# [Data to use]
········
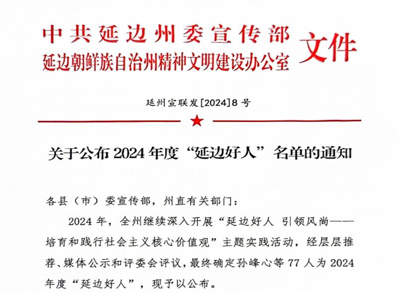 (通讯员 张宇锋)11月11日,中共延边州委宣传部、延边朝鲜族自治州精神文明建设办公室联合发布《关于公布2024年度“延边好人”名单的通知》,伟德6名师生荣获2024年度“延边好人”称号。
········
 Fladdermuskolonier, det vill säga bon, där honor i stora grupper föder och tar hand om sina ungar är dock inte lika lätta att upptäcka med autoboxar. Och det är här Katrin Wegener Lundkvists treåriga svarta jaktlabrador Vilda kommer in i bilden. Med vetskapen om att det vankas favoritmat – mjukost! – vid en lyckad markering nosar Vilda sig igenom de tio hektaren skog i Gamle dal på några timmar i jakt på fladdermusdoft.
········
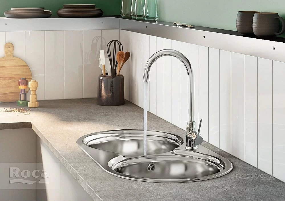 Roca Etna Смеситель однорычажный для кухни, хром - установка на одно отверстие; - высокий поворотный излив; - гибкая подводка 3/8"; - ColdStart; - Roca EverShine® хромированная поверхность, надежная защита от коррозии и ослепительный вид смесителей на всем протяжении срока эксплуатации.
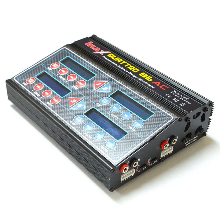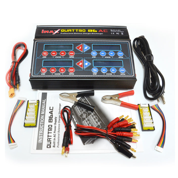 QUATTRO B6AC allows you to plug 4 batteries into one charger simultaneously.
········
# [What is required]
In the data above, retype only the stretch from the line with "Roca Etna Смеситель" through the line with "QUATTRO B6AC allows", word for word, and skip any pictures.

# [Written solution]
 Roca Etna Смеситель однорычажный для кухни, хром - установка на одно отверстие; - высокий поворотный излив; - гибкая подводка 3/8"; - ColdStart; - Roca EverShine® хромированная поверхность, надежная защита от коррозии и ослепительный вид смесителей на всем протяжении срока эксплуатации.
 QUATTRO B6AC allows you to plug 4 batteries into one charger simultaneously.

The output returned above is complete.